Given that we already don't trust the outputs of these AI models, the above security issue make this even worse and untrustworthy. The plain old regular average joe users do not care about the neural network format, etc and will run and open anything without checking regardless even if it is a text file disguised as a program.

Thus, it is entirely no different and we are back to square -1 (with the unexplainable properties of these models that people will try it out and trust its outputs)

saltcured · on Feb 29, 2024

I agree that we can define a safe serialization format for models with given assumptions about architecture. I.e. when the model is just the matrices and cannot supply custom inference code needed to process the matrices.

But, I expect we're going to have additional rounds of insecure practice just like we've had in every other popularized tech movement. People are going to develop frameworks with code-injection flaws, where they assume mode outputs (tokens) can be trusted and can contain executable content. Then, the inscrutable and untrustworthy models are going to be a problem as well.
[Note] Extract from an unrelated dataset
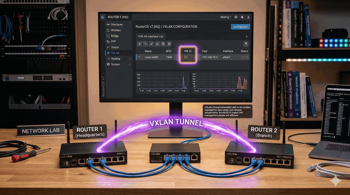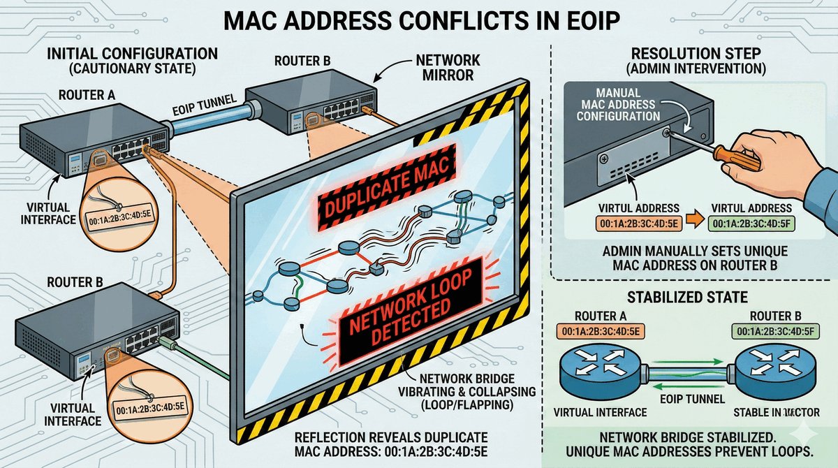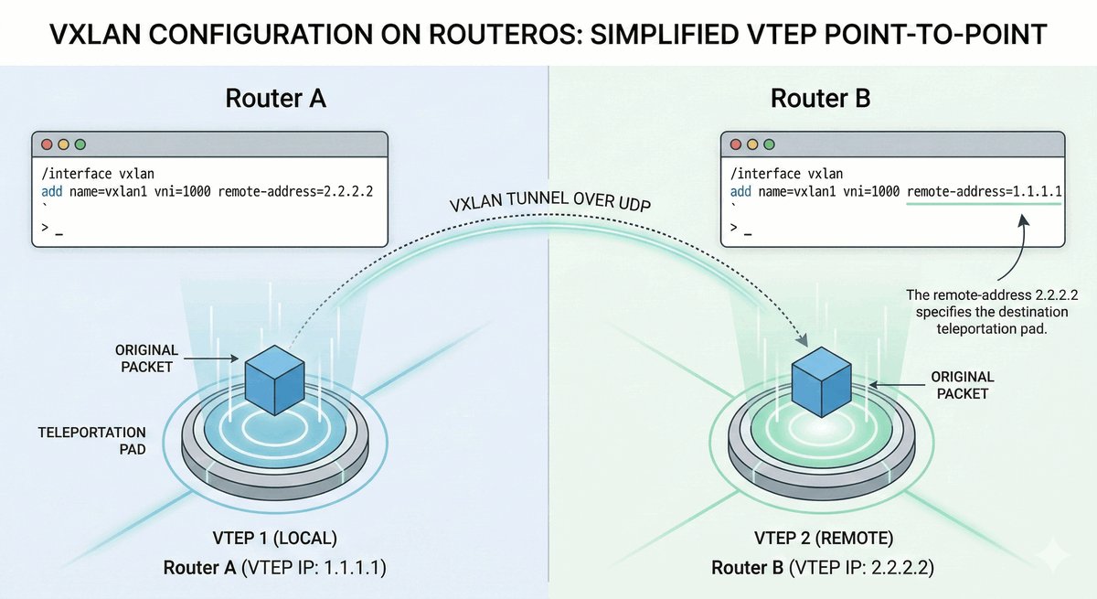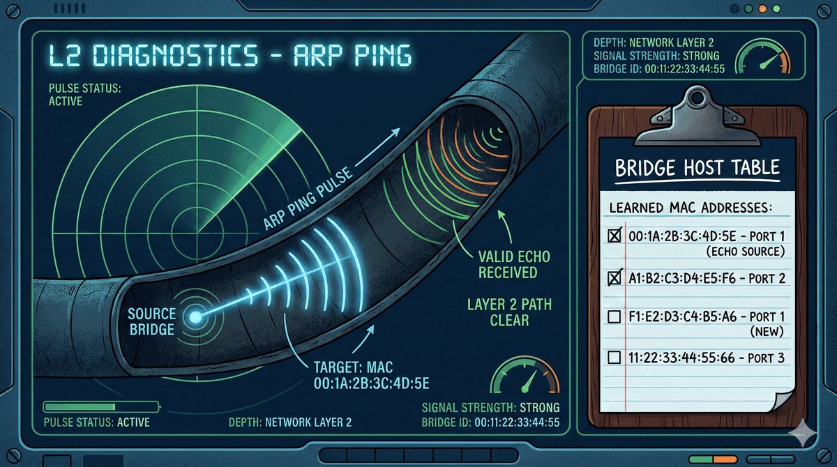 /ping 192.168.1.1 arp-ping=yes./interface bridge host print.VXLAN wypiera powoli EoIP ze względu na bycie standardem multi-vendor (np. możliwość połączenia MikroTik z serwerem Linux/VMware).

Think everything from MS Office macro abuse to human drivers blindly following their GPS guidance into a lake. This can and most probabaly will be repeated with AI models, due to the prevalence of naive and over-trusting practitioners and consumers.

Me1000 · on Feb 29, 2024

100%. Software takes time to make it secure, since after all it’s written by us flawed humans. The runtime that consumes the model files might have bugs, but those will be fixed over time.

How people use model outputs (or inputs; I.e prompt injections) is a whole other area ripe for exploits, especially while these technologies are being adopted by people who don’t really understand them. But I view this as fundamentally different than the above. A model format can be secure in that it won’t just randomly delete files on your computer. This is a computer science problem and thus provably securable. I guess that was the point I was trying to make when differentiating why they work vs how they work.

helij · on Feb 29, 2024

Would running models in VM mitigate the risk?

heavyset_go · on Feb 29, 2024

Depends, there are VM escapes.

api · on Feb 29, 2024

Yeah but defense in depth. Now you have to own the VM and escape the VM, and the latter usually requires an attack against the exact VM you are running which may be hard to determine.

actualwitch · on Feb 29, 2024

You'd have to do gpu passthrough if you want performance.

bongoman37 · on Feb 29, 2024

I think we need models to safeguard against models and then maybe hard coded rules to safeguard against those models missing out on things. It would be exceedingly hard to verify what all could be maliciously encoded in a billion parameter model waiting to be unleashed with the right sequence of tokens.